TASK STATEMENT
In the entries that follow, the lines from the one with "The Ghana Police" through the one with "Sachsen 5 Mark" are the ones to write out, exactly and with both ends included. Nothing else should appear.

TASK DATA
((

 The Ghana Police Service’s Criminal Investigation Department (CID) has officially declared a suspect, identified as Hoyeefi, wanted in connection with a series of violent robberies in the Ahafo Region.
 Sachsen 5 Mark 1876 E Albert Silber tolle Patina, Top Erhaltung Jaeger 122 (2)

))
((

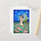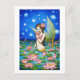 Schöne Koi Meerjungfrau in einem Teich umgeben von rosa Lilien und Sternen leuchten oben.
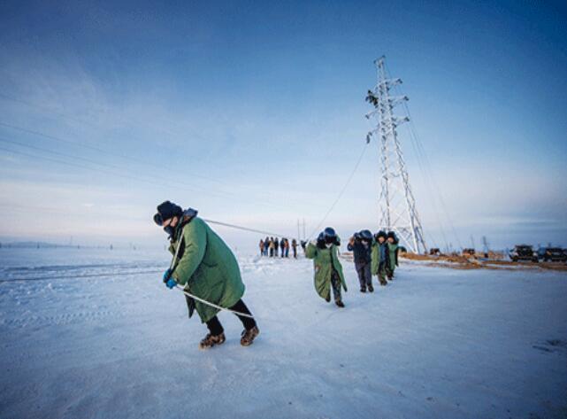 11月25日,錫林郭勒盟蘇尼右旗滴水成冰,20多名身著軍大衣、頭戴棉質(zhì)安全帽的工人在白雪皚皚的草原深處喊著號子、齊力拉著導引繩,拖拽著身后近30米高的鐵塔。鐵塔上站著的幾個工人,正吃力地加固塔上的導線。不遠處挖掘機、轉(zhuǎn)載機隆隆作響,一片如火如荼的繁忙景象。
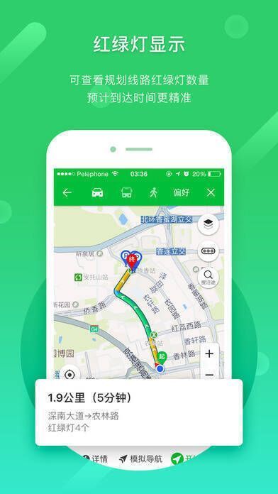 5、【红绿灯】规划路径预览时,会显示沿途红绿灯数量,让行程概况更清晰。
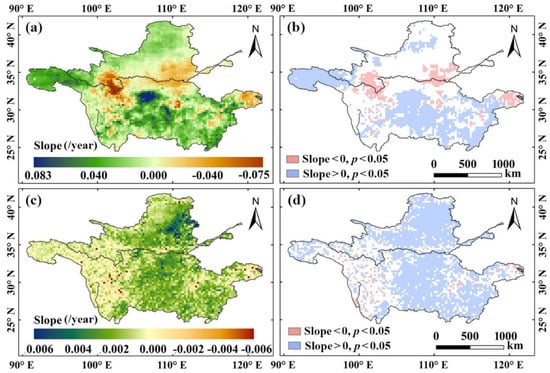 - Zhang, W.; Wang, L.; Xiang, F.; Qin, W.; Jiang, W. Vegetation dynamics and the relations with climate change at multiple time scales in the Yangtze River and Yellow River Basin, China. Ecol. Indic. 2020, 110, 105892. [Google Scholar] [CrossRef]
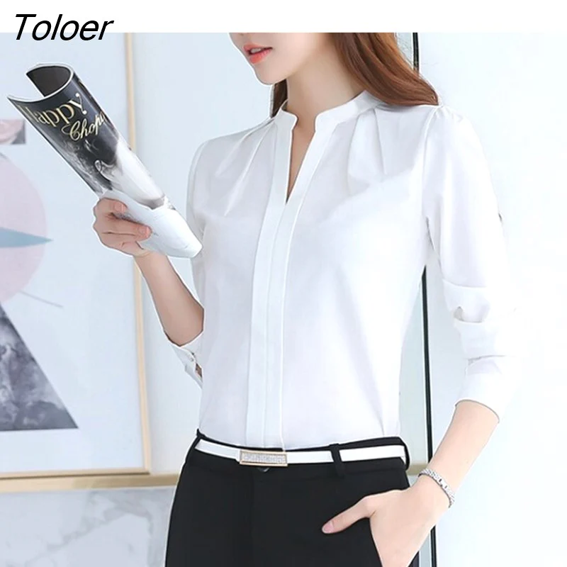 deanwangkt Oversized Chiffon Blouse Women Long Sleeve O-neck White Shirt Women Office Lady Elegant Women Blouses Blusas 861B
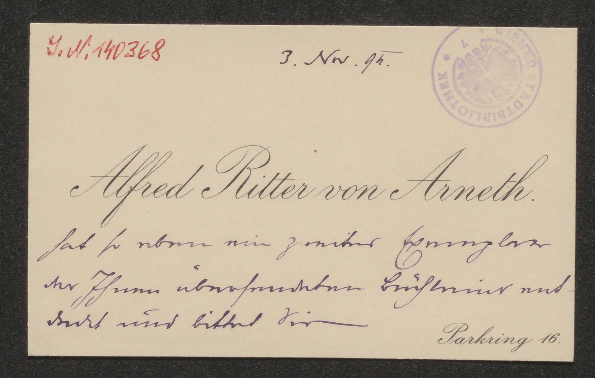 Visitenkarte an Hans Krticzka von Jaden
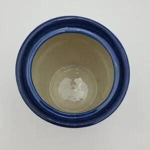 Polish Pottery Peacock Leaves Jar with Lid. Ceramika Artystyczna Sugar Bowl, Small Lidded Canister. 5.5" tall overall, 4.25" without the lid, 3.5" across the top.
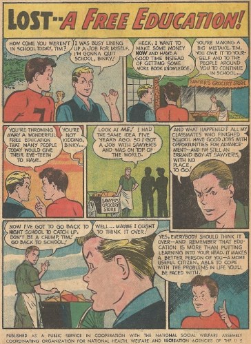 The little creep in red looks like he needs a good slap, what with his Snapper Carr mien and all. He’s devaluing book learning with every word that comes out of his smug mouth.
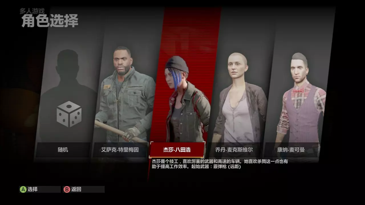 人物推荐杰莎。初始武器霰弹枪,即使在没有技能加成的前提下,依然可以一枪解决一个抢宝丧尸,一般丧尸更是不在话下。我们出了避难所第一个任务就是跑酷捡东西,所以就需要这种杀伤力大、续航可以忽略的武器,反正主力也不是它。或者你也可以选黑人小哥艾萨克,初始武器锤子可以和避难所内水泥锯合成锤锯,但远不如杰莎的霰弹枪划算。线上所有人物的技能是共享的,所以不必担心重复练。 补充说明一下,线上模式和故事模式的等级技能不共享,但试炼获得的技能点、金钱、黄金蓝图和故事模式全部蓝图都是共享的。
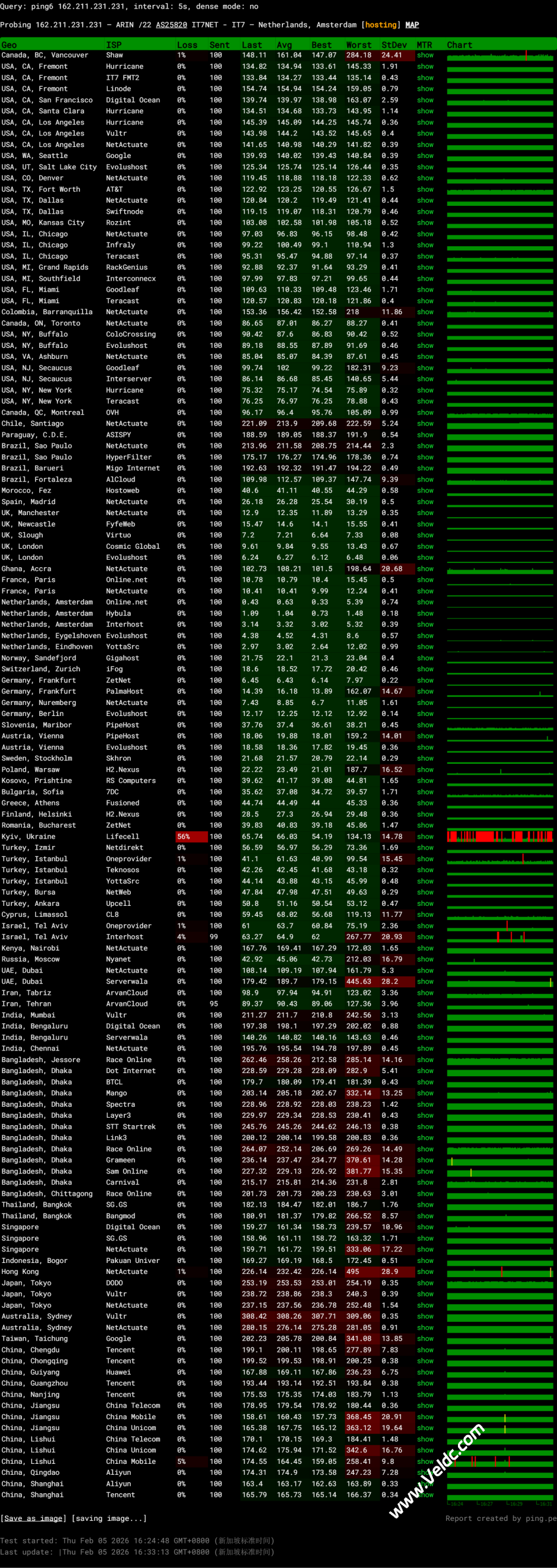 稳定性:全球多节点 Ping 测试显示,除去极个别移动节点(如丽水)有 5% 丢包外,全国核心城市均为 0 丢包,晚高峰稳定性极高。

))
((

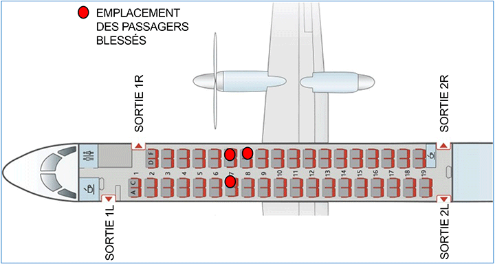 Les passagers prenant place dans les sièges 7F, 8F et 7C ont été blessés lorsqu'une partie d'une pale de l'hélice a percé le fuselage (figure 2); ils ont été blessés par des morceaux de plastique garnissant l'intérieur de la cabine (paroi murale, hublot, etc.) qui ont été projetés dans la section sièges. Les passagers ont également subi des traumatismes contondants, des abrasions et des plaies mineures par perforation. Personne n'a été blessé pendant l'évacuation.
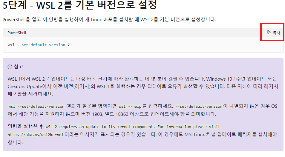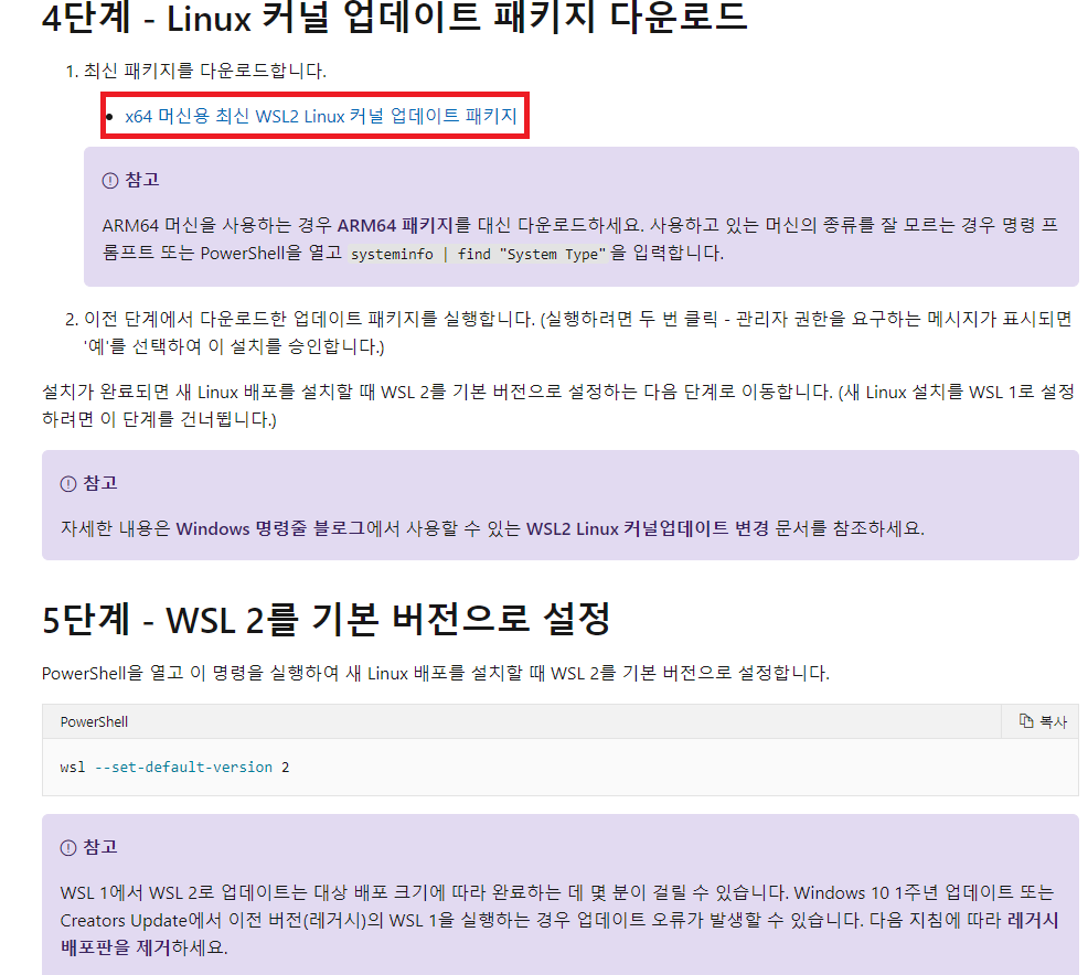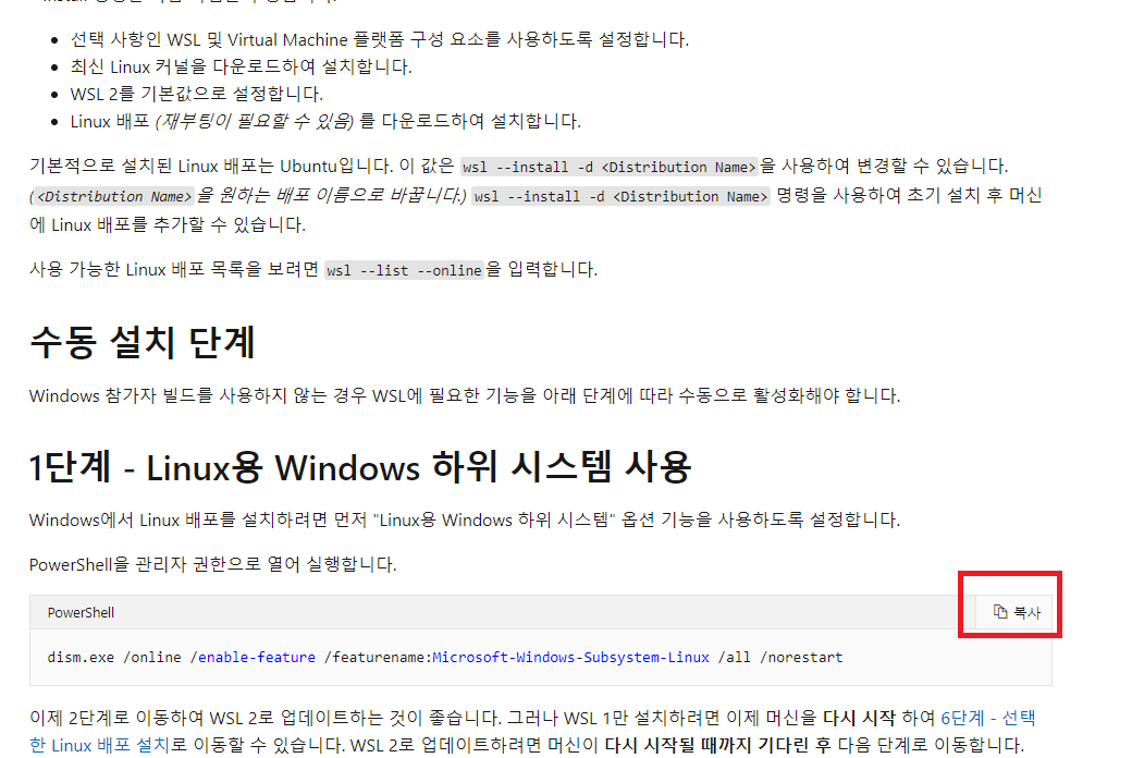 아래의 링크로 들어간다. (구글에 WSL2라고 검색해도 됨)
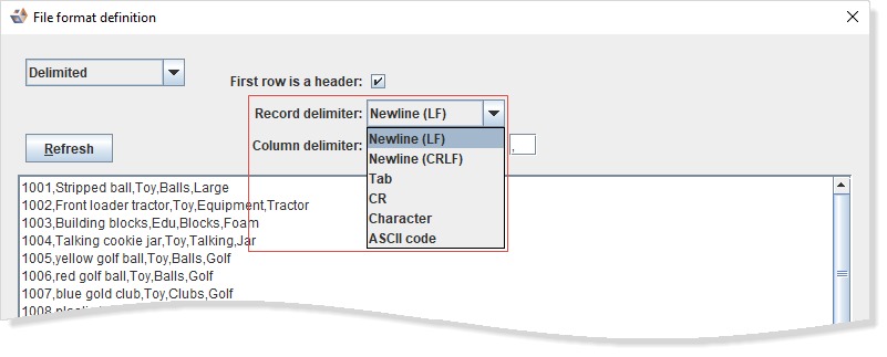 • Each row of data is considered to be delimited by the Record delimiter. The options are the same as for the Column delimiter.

))

SOLVED PROBLEM
 The Ghana Police Service’s Criminal Investigation Department (CID) has officially declared a suspect, identified as Hoyeefi, wanted in connection with a series of violent robberies in the Ahafo Region.
 Sachsen 5 Mark 1876 E Albert Silber tolle Patina, Top Erhaltung Jaeger 122 (2)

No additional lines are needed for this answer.